A Hierarchical Compositional Model for Representation and Sketching of High-Resolution Human Images

Zijian Xu
Ph.D., 2007
Advisor: Song-Chun Zhu

This dissertation presents a composite template model, named And-Or graph for representing objects with large structural variabilities. Intuitively, an And-node represents a decomposition of certain graphical structures which expands to a set of Or-nodes with associated relations; an Or-node serves as a set of switch variable pointing to alternative And-nodes. A traversal from the root node of the And-Or graph, named the parse graph, produces a configuration of the terminal nodes (sub-templates) under (soft and hard) relations inherited from their ancestor nodes. The And-Or graph representation can generate a large set of constrained configurations with relatively small number of graph nodes, thus account for great structural variations. The And-Or graph model is tested on tasks as modeling and sketching human faces
and clothes.

A hierarchical-compositional model of human faces, as a three-layer And-Or graph is built. Faces are represented hierarchically: the first layer treats each face as a whole; the second layer refines the local facial parts jointly as a set of individual templates; the third layer further divides face into 16 zones and models detail facial features such as eye corners, marks or wrinkles. Transitions between the layers are realized by measuring the minimum description length (MDL) given the complexity of an input face image. Diverse face representations are formed by drawing from dictionaries of global faces, parts and skin detail features. A sketch captures the most informative part of a face in a much more concise and potentially robust representation. However, generating good facial sketches is extremely challenging because of the rich facial details and large structural variations, especially in the high-resolution images. The representing power of our generative model is demonstrated by reconstructing high-resolution face images and generating the cartoon facial sketches. Our model is useful for a wide variety of applications, including recognition, non-photorealisitc rendering, super-resolution, and low-bit rate face coding.

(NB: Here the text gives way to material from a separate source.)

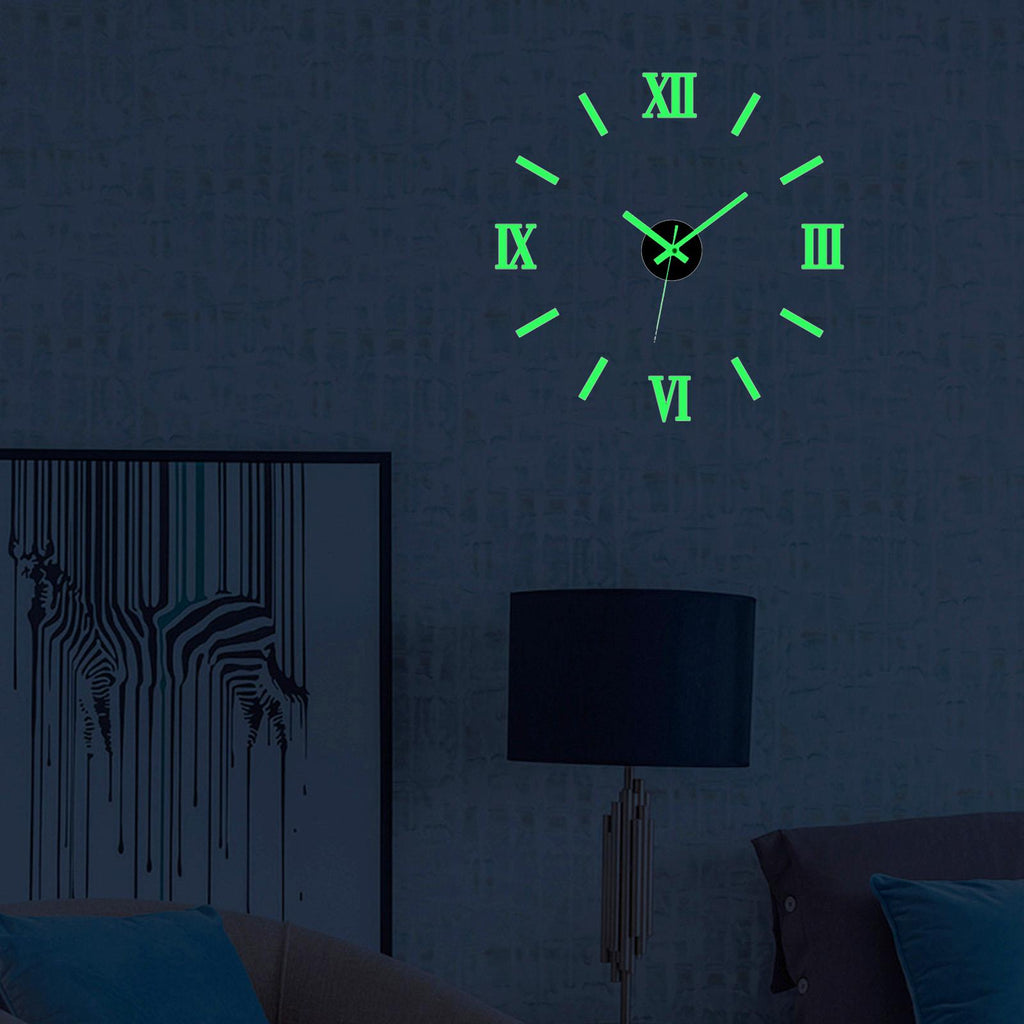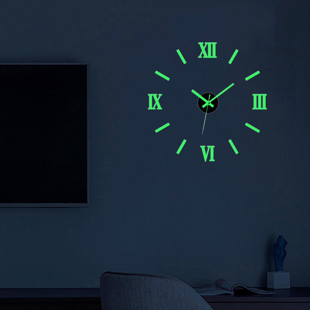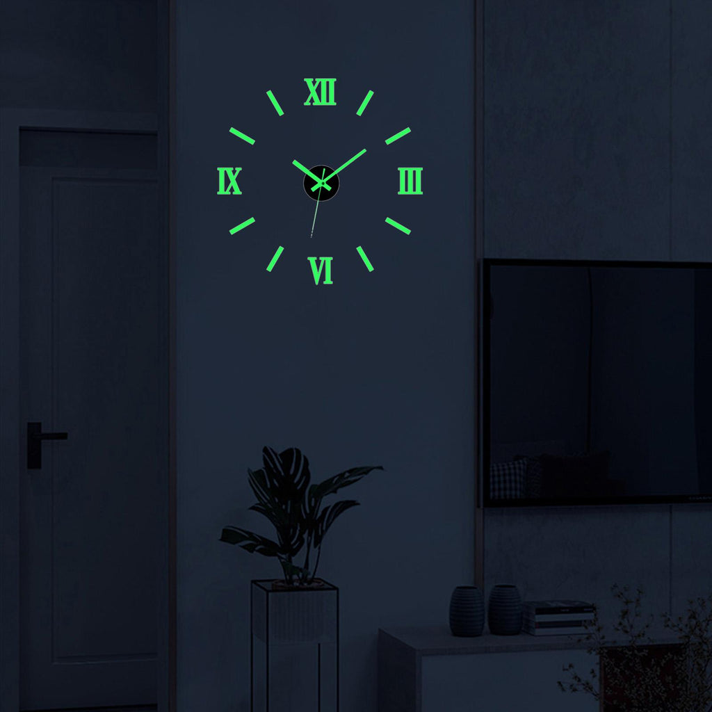 Luminous Wall Clock Stickers DIY Round Frameless for Living Room Wall Decor

Cloth modeling and recognition is an important and challenging problem in both vision and graphics tasks, such as dressed human recognition and tracking, human sketch and portrait. We built a And-Or graph model to represent different clothes configurations, such as T-shirts, jackets, etc. In a supervised learning phase, we ask an artist to draw sketches on a set of dressed people, and we decompose the sketches into categories of cloth and body components: collars, shoulders, cuff, hands, pants, shoes etc. Each component has a number of distinct sub-templates (sub-graphs). An algorithm which integrates the bottom-up proposals and the top-down information is proposed to infer the composite clothes template efficiently from the image.